Doit-on se fier à la théorie du pyrénéiste Norbert Casteret, qui, en balançant du colorant dans l'eau bouillonnante, prouva une direction atlantique au ruisseau quand les Espagnols rêvaient d'une destination méditerranéenne ? Des deux côtés de la frontière, on souhaitait mettre la rivière du système karstique au turbin. Et plutôt six fois qu'une.
Pour l'heure et pour longtemps, la seule certitude est que la Garonne, era Garona (le cours d'eau), est aranaise.
Sources du Nil
Quoi qu'il en soit, nous voici à l'Uelh deth Joèu, l'œil de Jupiter ou du juif, selon les traductions. Les études plus approfondies de l'écrivain Bienvenido Mascaray décortiquent le vocable en « Jo-oé-u » pour signifier « là où parvient la veine d'eau ». En ce royaume de torrents et cascades, l'émotion est réelle lorsqu'on prend l'eau cristalline dans le creux de sa main. Dans l'ouest lointain, à 647 kilomètres de méandres, le fleuve rejoindra la Gironde pour s'en aller embrasser l'océan du bout de l'estuaire. Qu'importe donc la véritable source. Celle des Aranais qui la situent à l'est, du côté du Pla du
Béret, à proximité du port de la Bonaigua, est aussi très présentable.

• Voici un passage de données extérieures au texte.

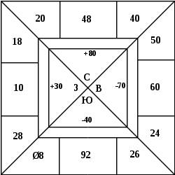 1. Привести колонку контрактов к нулю. Игроки недоиграли в сумме 54 очка до нуля. Делим это число на количество игроков (3). Списываем каждому по 54:3=18. Получилось – А: +8; В: –2; С: –6.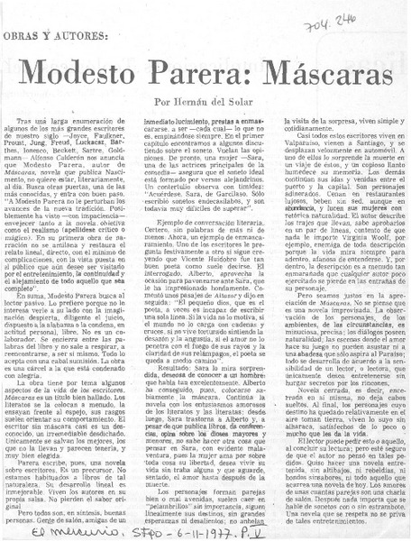 Modesto Parera: Máscaras [artículo] Hernán del Solar.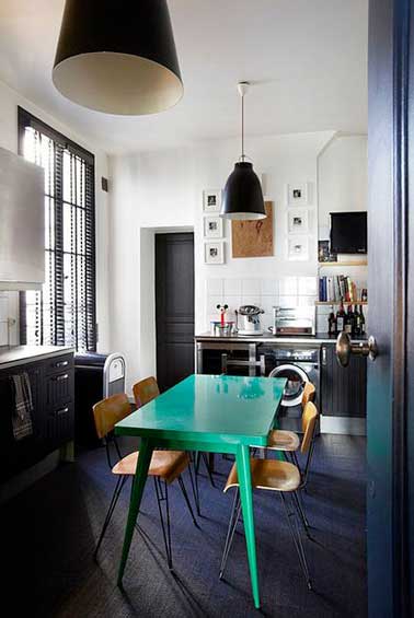 Avec une peinture pour bois, la vieille table de cuisine devient contemporaine dans cette cuisine à la déco actuelle. Une couche de peinture vert funky sur le bois poncé et c’est parti ! Sur la photo, l’envie de repeindre est venue partout dans la cuisine : de la peinture acrylique mat noir sur les meubles de cuisine, les portes et le parquet en bois noir. Au final une cuisine ultra chic pour une déco ultra tendance.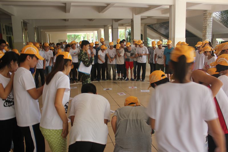 为了能够让本次拓展活动更加专业化,我院特地从校外请来专业的教练员石俊对全体学生干部展开素质拓展训练。石教练慷慨激昂的开场白感染了每一位学生干部,让大家深深感受到自己做的远远不够,教练最后以一句“完美团队,海大机电!”点燃了每个人的激情,一天的活动拉开了序幕。在教练分好组后,同学们开始了自己的队伍建造,包括队长、队秘、队名、队歌、队旗、队训的确立和展示,同学们的创新思维与团结协作的精神在第一环节就展露无遗。接下来的训练中,队长带领着各队队员完成了“解手结”、“坐膝盖”、“排数字”、“齐眉棍”、“驿站传书”、“高空飞蛋”等一系列训练活动。在整个培训过程中,每一位学生干部都积极的配合,绞尽脑汁地想办法为自己的团队加分,游戏增添了团队成员的友谊并加强了团队的凝聚力。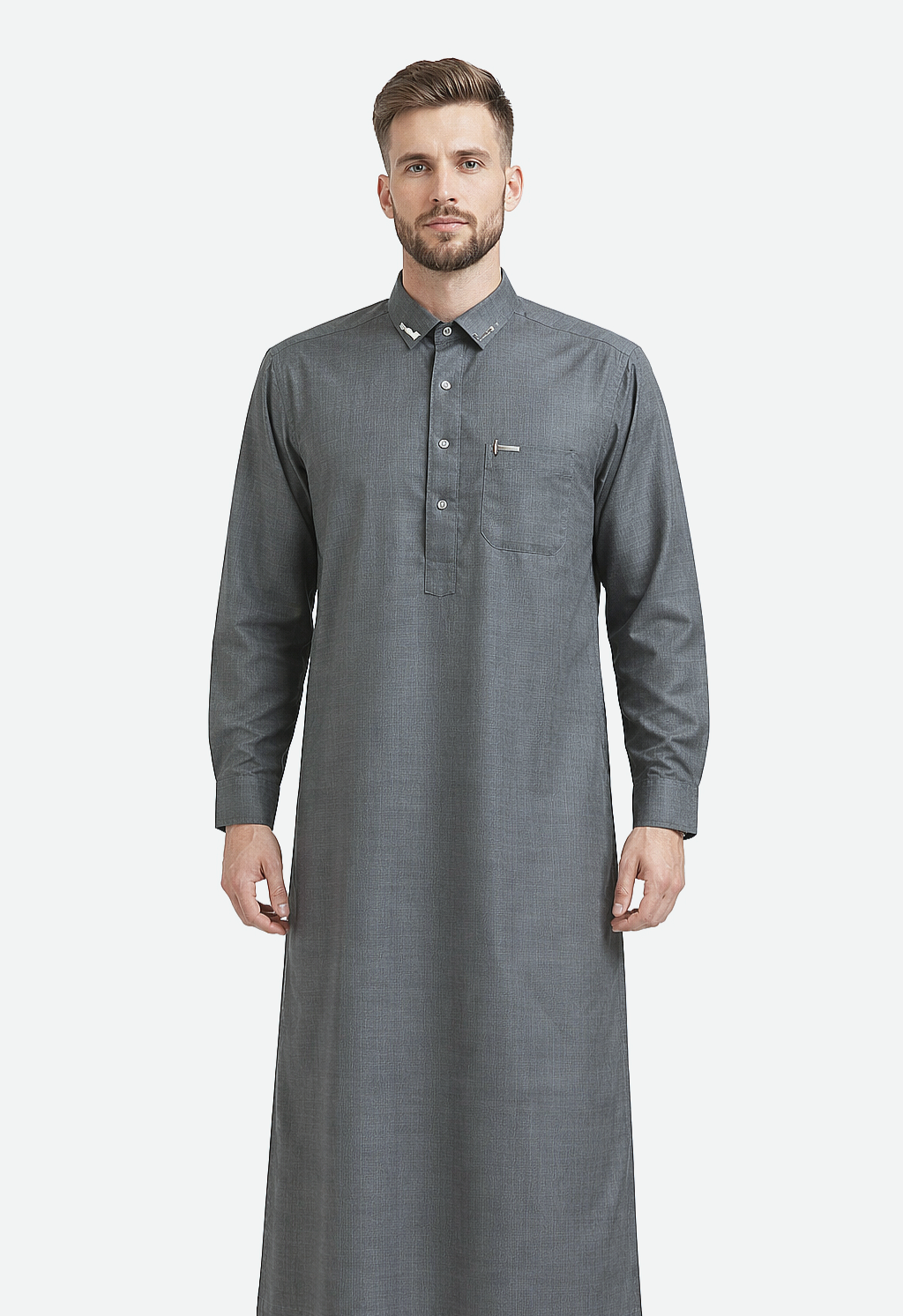 Grey Premium Detail Thobe Silver Accent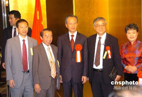9月26日,中國駐日大使崔天凱在東京舉行盛大的國慶招待會,與日本各界人士、在日華僑華人代表共慶中華人民共和國成立五十九周年,一千五百余人應邀出席。出席招待會的華 僑華人紛紛為“神舟七號”載人飛船成功發(fā)射而感動,對祖國科技的迅速發(fā)展感到自豪。圖為橫濱華僑華人代表與崔天凱大使合影。中新社發(fā) 段躍中 攝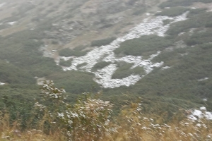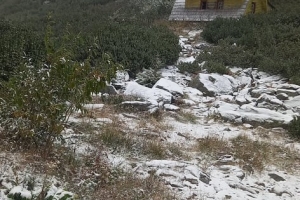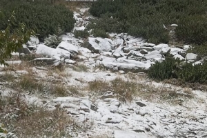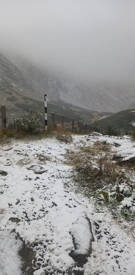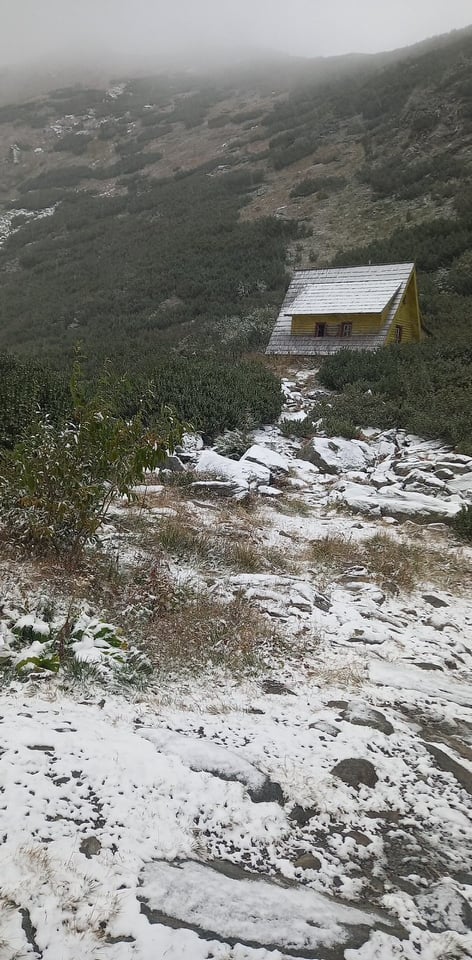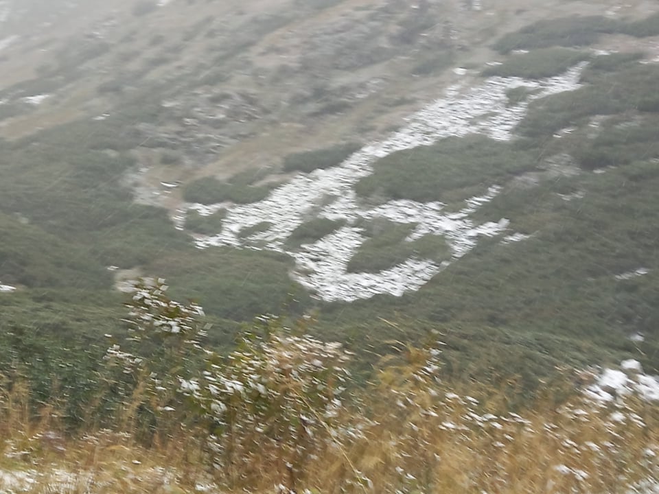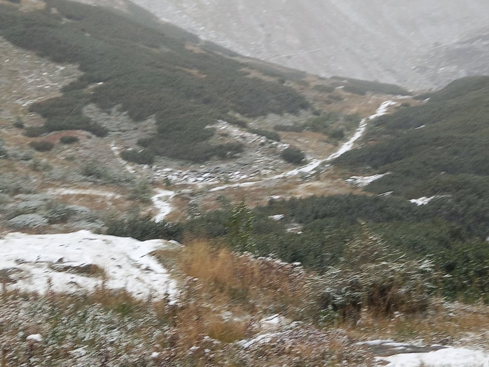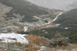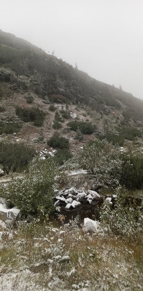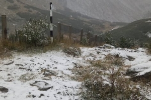 Episod de iarnă repezită! Ninge în aria naturală maramureșeană, astăzi, 22 septembrie! Fabuloasele priveliști sunt surprinse în ținutul Borșa, Munții Rodnei. Ninsorile sunt slabe totuși în prezent.

D'autres la verraient bien sur le plateau d'Orri, sur les hauteurs de Baqueira. Pourquoi pas ?
« On dit des fleuves qu'ils ont autant de naissances que d'affluents. Les critères sont nombreux : la longueur, l'altitude, le débit… Mais notre tradition situe le lieu de naissance au Pla du Béret, comme pour l'autre fleuve, le Nouguera. Restons-en là. Pas question de refaire ici l'histoire des sources du Nil », affirme Jèp de Montoya e Parra.

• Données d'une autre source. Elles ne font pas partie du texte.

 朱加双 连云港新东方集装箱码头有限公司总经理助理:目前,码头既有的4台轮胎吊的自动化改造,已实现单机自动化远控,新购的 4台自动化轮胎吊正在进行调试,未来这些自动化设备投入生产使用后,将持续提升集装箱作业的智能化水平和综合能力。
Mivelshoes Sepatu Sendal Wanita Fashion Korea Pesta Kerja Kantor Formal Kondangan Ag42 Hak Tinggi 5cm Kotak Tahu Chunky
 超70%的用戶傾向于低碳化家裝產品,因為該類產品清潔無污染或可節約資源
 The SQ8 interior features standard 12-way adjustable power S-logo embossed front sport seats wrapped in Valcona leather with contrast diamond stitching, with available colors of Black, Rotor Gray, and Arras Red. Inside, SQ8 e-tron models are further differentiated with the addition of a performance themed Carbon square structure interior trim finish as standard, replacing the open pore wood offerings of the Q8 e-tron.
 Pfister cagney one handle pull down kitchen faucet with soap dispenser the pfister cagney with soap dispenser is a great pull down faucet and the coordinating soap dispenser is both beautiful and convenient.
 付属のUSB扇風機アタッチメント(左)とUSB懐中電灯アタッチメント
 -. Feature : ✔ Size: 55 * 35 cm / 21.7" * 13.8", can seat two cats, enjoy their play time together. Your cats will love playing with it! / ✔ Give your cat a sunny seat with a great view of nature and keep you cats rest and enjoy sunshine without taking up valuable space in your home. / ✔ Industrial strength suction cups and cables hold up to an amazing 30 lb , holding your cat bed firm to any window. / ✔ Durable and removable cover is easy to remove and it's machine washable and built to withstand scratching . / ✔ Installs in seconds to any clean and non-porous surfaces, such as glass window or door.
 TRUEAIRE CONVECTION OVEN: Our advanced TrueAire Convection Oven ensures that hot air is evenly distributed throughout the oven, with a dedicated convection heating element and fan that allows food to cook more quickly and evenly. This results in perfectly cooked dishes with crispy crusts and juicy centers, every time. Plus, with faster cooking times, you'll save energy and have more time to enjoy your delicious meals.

Linguiste amateur, cet employé de la société espagnole d'électricité Endesa a toujours cherché les origines dans les mots. Il est l'auteur d'un « Vademecum aranais », compilation de textes du XIIe au XXe siècle qui l'a absorbé pendant quatre ans.
L'occitan est sa passion. Le gascon, le languedocien, le provençal, le limousin, l'auvergnat ou le vivaro-alpin n'ont plus grand secret pour lui. Le tronc commun le fascine. « Notre aranais est un des dialectes du gascon des hautes sources de la Garonne. Ce qui est clair, c'est que le val d'Aran ne s'arrête pas au pont du Roi (la frontière où le fleuve devient français). L'aranais que je parle avec mon fils est compris dans toute la vallée de la Pique et tout le Comminges, de Saint-Béat à Luchon. Devant le Parlement de Catalogne, j'ai présenté un projet le 21 avril pour qu'on devienne un chef-lieu de la culture d'oc », dit avec fierté celui qui est aussi président de l'Institut des études aranaises d'Arros et membre de l'association de préfiguration de
la langue d'oc, basée à Pau.
La langue officielle
L'aranais, occitan teinté de catalan, de castillan et d'une pincée de basque, est depuis le 3 octobre 1990 langue officielle dans ce territoire de 11 000 habitants. Elle est reconnue sur tout le territoire catalan. Même sous Franco, la « petite république » a toujours joui de ses privilèges et singularités. La croix occitane orne les frontons du Conseil général de la capitale Vielha et de toutes les mairies dont les principales sont Bossòst, Naut Aran et Les. Toutes ces communes de pierre et d'ardoise nichées dans l'ancienne vallée
glaciaire ont pour particularité d'être traversées par ce gave écumant où frétillent encore quelques farios. Les gens du lointain aval marronnasse se pincent, mais c'est bien d'elle qu'il s'agit.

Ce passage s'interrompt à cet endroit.